START Given data
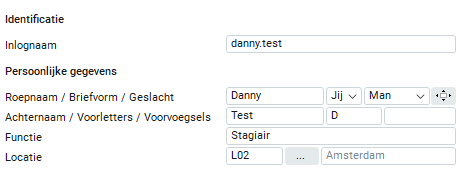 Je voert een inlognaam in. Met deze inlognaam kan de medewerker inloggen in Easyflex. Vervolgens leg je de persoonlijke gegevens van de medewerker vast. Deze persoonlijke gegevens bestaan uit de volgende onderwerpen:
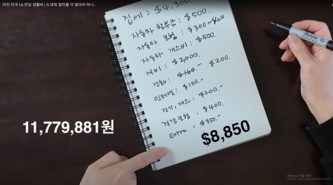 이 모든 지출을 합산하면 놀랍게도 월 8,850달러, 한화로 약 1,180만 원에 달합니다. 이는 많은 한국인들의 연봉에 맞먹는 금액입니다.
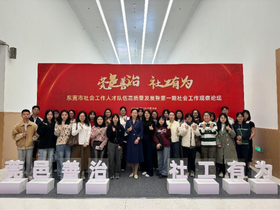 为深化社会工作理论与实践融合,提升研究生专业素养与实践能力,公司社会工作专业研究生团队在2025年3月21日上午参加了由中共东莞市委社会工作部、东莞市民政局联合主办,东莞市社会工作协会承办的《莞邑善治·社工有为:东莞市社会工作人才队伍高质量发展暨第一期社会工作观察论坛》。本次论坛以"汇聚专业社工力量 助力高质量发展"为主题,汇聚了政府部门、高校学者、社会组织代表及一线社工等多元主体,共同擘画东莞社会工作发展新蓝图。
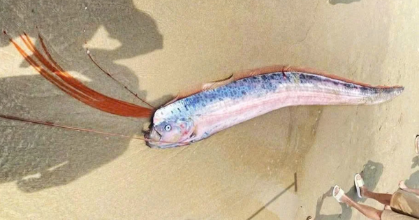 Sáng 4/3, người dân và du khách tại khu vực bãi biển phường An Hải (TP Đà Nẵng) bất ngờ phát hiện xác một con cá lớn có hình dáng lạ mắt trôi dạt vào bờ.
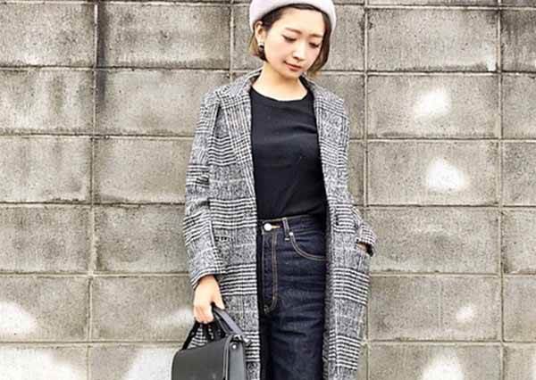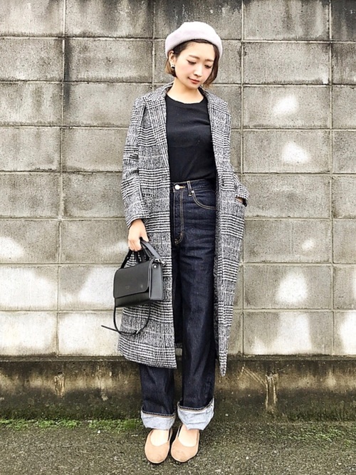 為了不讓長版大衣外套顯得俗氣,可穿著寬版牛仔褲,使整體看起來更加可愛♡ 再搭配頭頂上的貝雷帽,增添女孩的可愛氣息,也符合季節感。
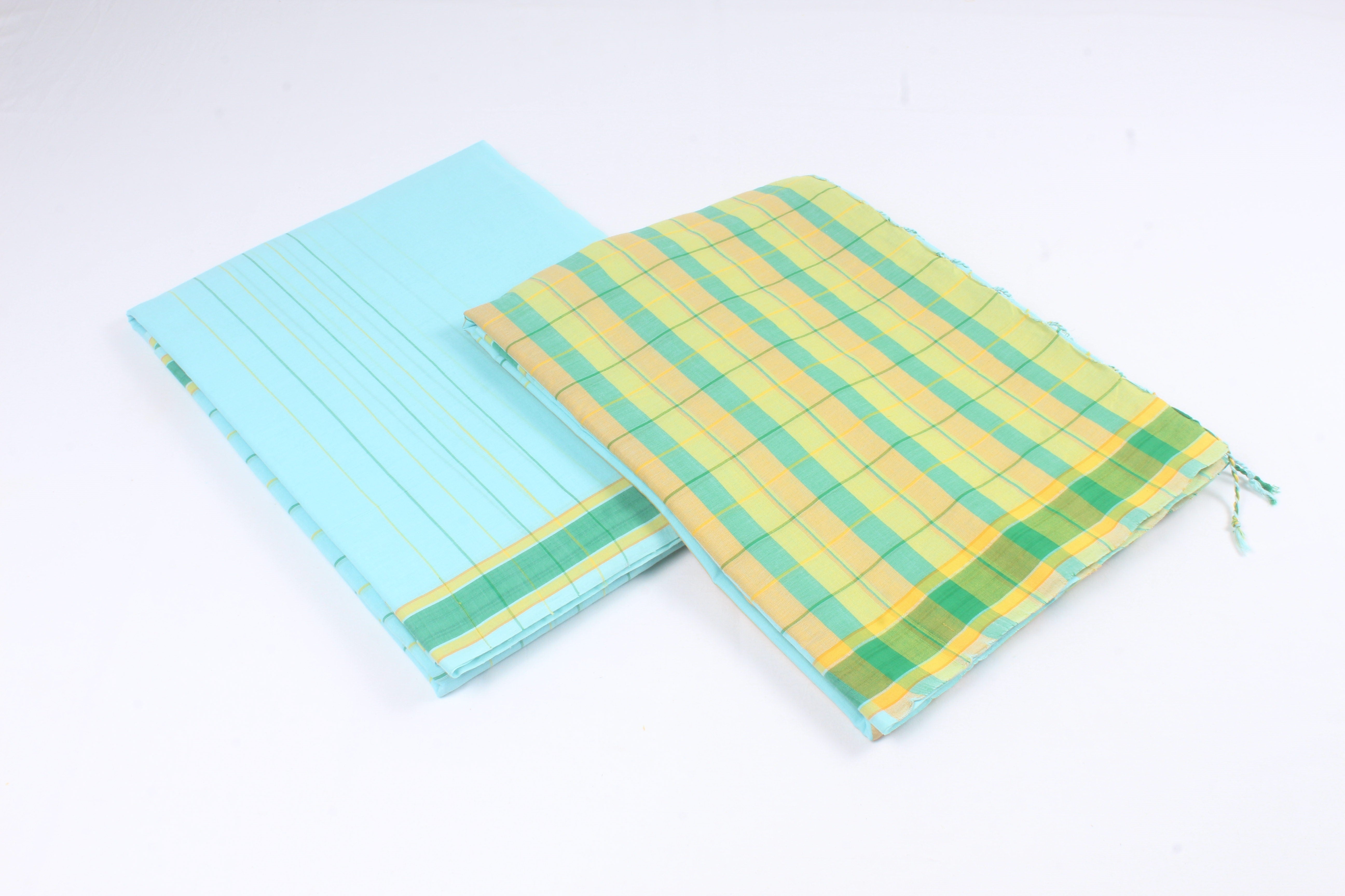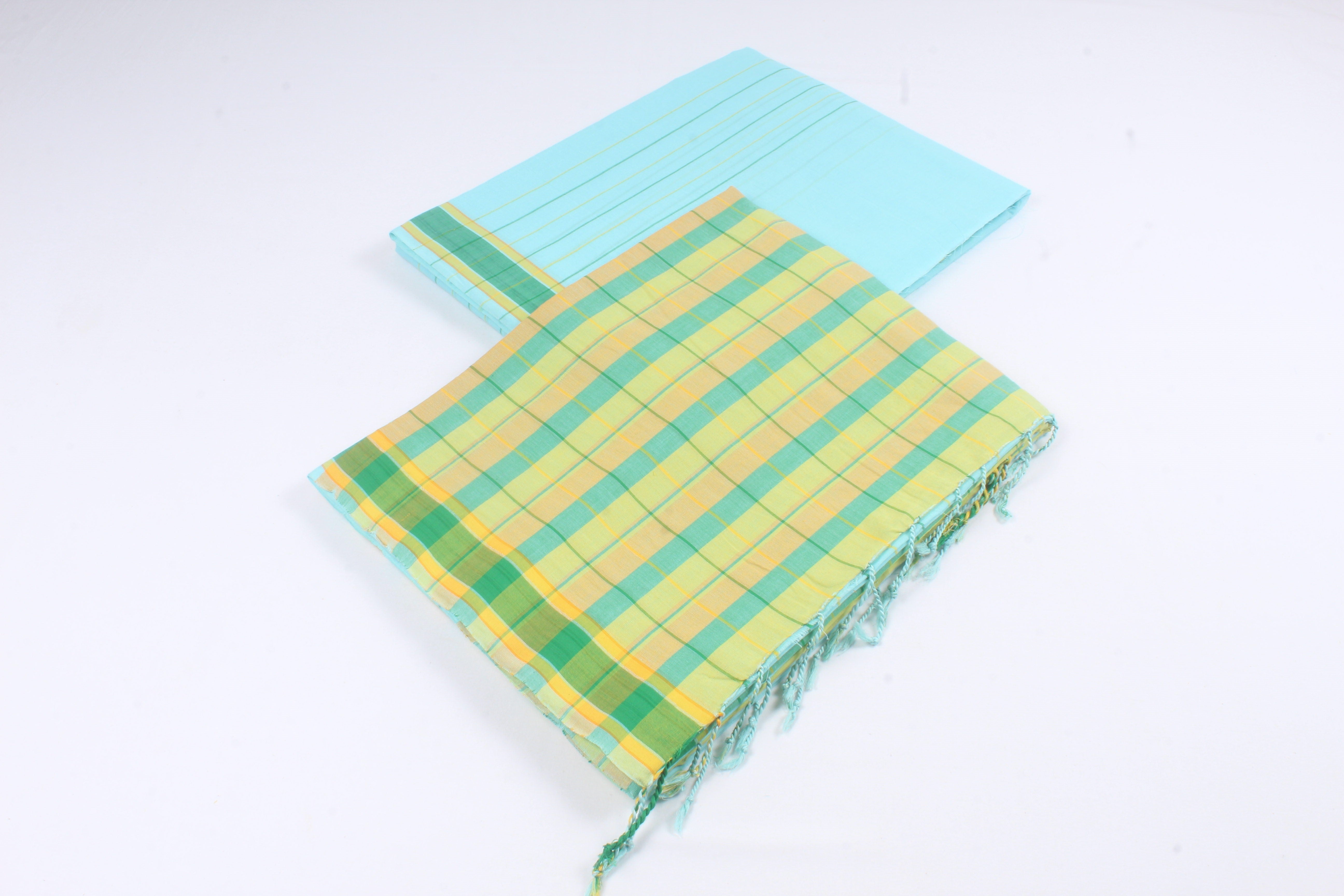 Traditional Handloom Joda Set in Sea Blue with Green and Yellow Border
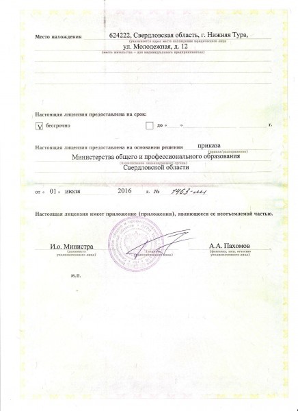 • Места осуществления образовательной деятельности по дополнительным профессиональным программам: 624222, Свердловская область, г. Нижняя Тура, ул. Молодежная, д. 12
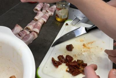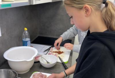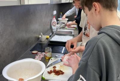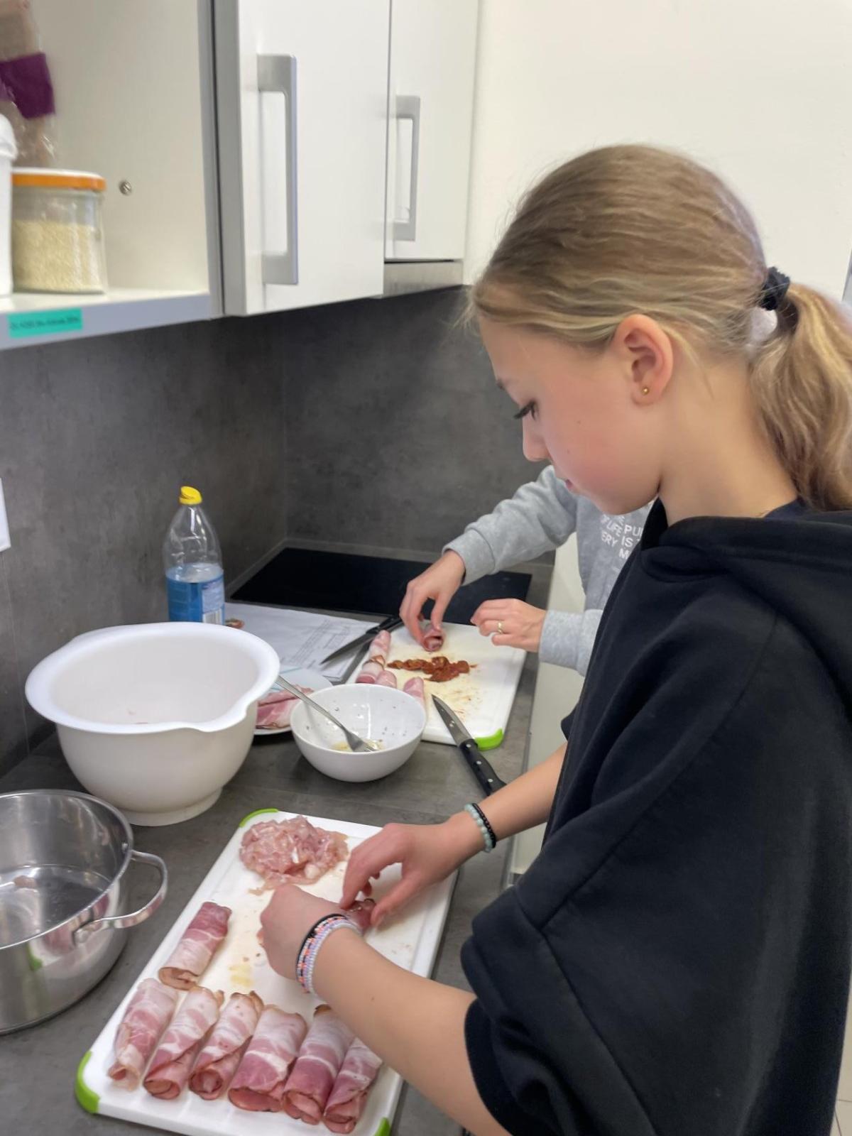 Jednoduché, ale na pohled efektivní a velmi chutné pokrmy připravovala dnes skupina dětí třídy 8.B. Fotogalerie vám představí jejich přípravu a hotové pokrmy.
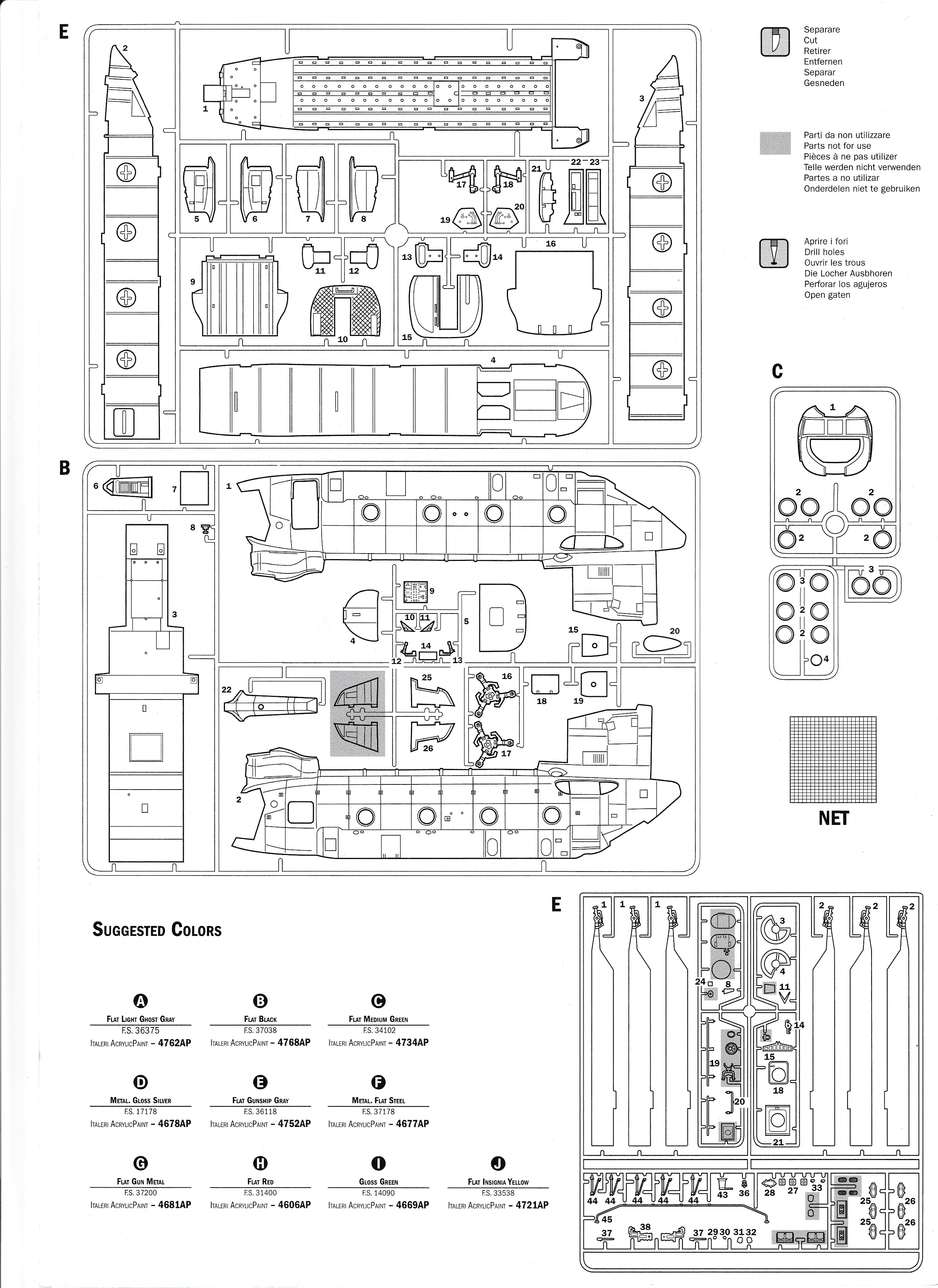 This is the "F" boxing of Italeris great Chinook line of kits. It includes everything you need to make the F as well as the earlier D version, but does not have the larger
END Given data
Starting at the line that holds "Jednoduché, ale na", print each line through the last one of the entries above, exactly and with both ends included; no pictures.

Answer section:
 Jednoduché, ale na pohled efektivní a velmi chutné pokrmy připravovala dnes skupina dětí třídy 8.B. Fotogalerie vám představí jejich přípravu a hotové pokrmy.
 This is the "F" boxing of Italeris great Chinook line of kits. It includes everything you need to make the F as well as the earlier D version, but does not have the larger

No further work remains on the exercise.